If this idea of a 90% graduation goal comes up again, I would ask for an evaluation instead. Start by interviewing teachers in 12th grade core courses that have to be passed in order to graduate. They’ll know if all the graduates are meeting the standards to graduate. I also suggest they ask the technical schools and local university for data on how much remediation Pickens County graduates are requiring when they reach college.  
 
Number of Teachers: 
Looking deeper into the district’s report card, the number of teachers fell to 1,015 or the lowest since I’ve been keeping records over the past 15 years. This is the result of the superintendent recommending and the board voting to cut classroom teaching positions over the past three years (all of which I voted against).  
 
The teacher turnover rate of 10.3% this past year is highest it has been. Why? District leaders and those in Columbia have forgotten teachers enter the field because they want to teach their children as they see fit and are trained to do. Today teachers are told exactly what to teach, how to teach it, how long to teach it and when to teach it.

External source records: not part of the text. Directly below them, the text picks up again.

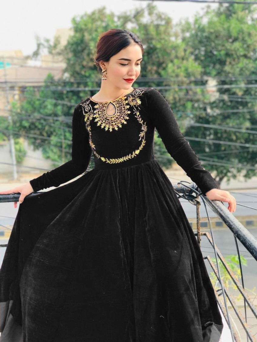 Velvet dress with embroidery work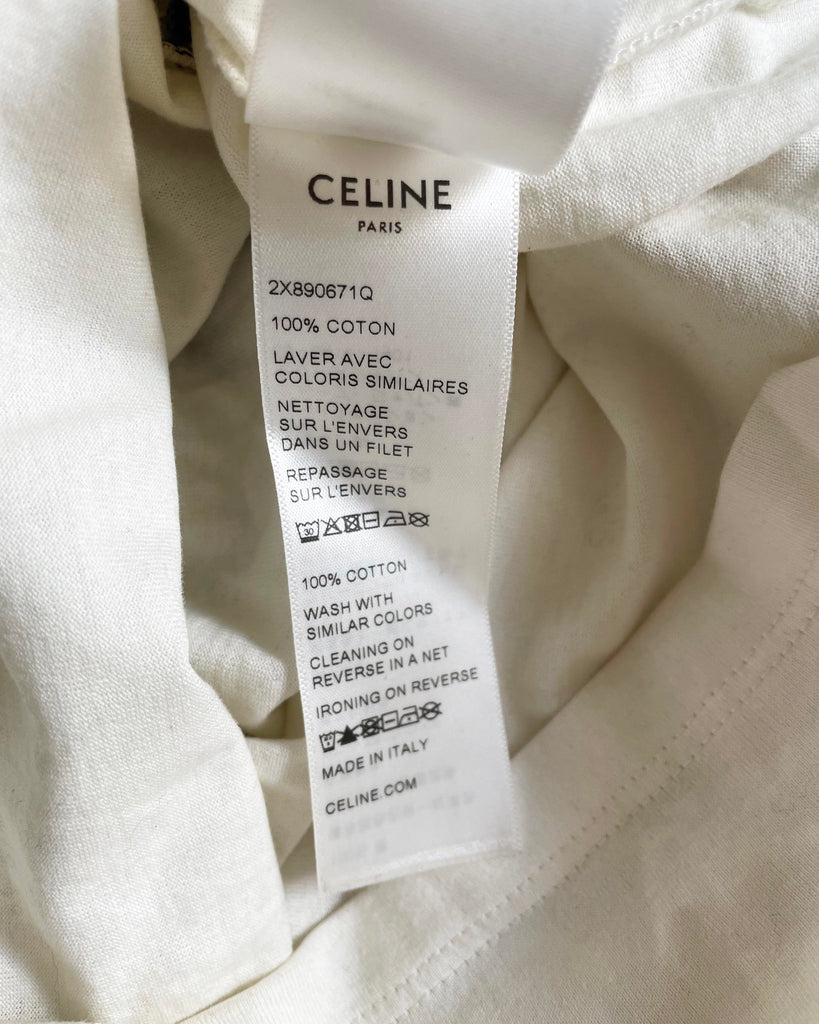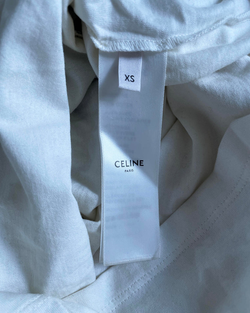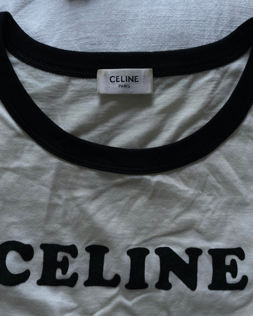White Celine cropped tshirt with Celine Paris logo and contrast details..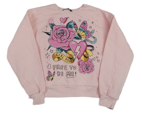 Světlerůžová crop mikina s růžemi a motýlky a srdíčky George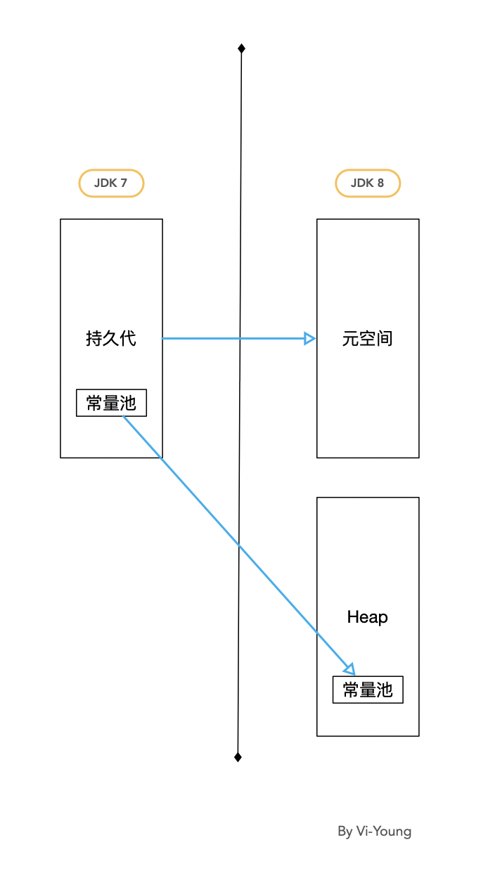 他们之间的区别是,JDK 7在持久代中的常量池在JDK 8移到了堆内存中,剩余部分移到了元数据中。

And administrators are looking over their shoulders, observing and evaluating every bit of the way to make sure each teacher is doing exactly as told.   
 
In 2011 the percentage of total spending making it to the classroom was 60%. Today that figure has fallen to 54%, a new low, because the new board rather spend money on the 18th activity bus then put it in the classroom.   
 
Survey: 
Each year the state department of education surveys teachers and parents how three issues at each school. Are you satisfied with the learning environment, the physical environment and school-home relations? For instance, 100% of the teachers at Holly Springs were satisfied with the learning environment at their school.  
 
I have this data from 2008 through 2016. Looking at the survey from January 2016 (the last one we have) 88.4% of teachers were satisfied with the learning environment at their school, 91.9% were satisfied with the physical environment, and 87.7% were happy about the school-home relations at their school. That averages to 89.3%. That average was 93.0% (2015), 93.3% (2014), 91.9% (2013), 93.0 (2012), 91.9% (2011), 91.9% (2010), 91.1% (2009) and 91.6% (2008).  
 
The last reading of 2016 at 89.3% is the lowest since I’ve been keeping records. Realize teachers received 3 pay raises in August 2015, or months before they took this survey in early 2016. And the survey was taken before they closed AR Lewis and Holly Springs.